The U.S. Department of Health and Human Services' Health Sector Cybersecurity Coordination Center recently warned of a new human-operated ransomware targeting the healthcare industry.
Here are eight things for dentists to know:
- The ransomware, Royal, was first seen in September 2022 but has increased in appearance, according to a Dec. 7 HHS notice.
- Royal has demanded ransoms of more than $2 million, the American Dental Association said Dec. 28.
- HHS noted that the ransomware should be considered a threat to the healthcare and public health sector.
- The ransomware is a 64-bit executable written in C++ that targets windowing systems.
- The department said Royal appears to be a private group with a financial motivation that claims to also perform double-extortion attacks, in which sensitive data is exfiltrated.
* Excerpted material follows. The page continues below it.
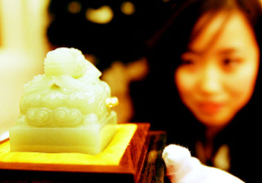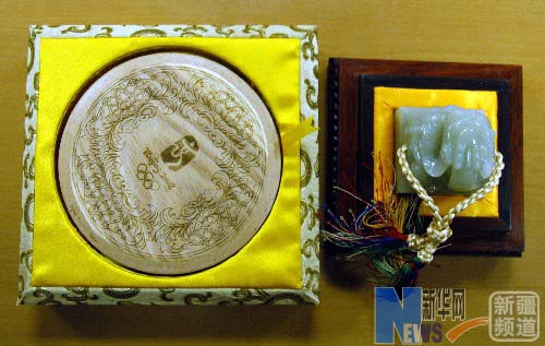 昨天上午,北京奧組委正式對外宣布了這一消息。在北京奧運會會徽及奧運徽寶誕生兩年后,經北京奧組委授權制作的“北京奧運徽寶典藏版”以與“北京奧運徽寶”同樣產地的中國新疆和田青白玉為材料,按照“北京奧運徽寶”原大二分之一比例復制而成,全球限量發行2008方,每方售價56000元人民幣。

- In addition to using frequently used attack methods such as phishing, remote desktop protocol compromises and credential abuse, Royal also uses new techniques, including embedding malicious links in Google ads, using an organization's contact forum to bypass email protections and placing malicious installer files on legitimate-looking software sites.
- Ransom notes appear in a README.TXT file with links to a private negotiation page.
- The American Dental Association offered several ways for dental practices to protect themselves from attacks here. Tips include training staff on basic data security and backing up data regularly.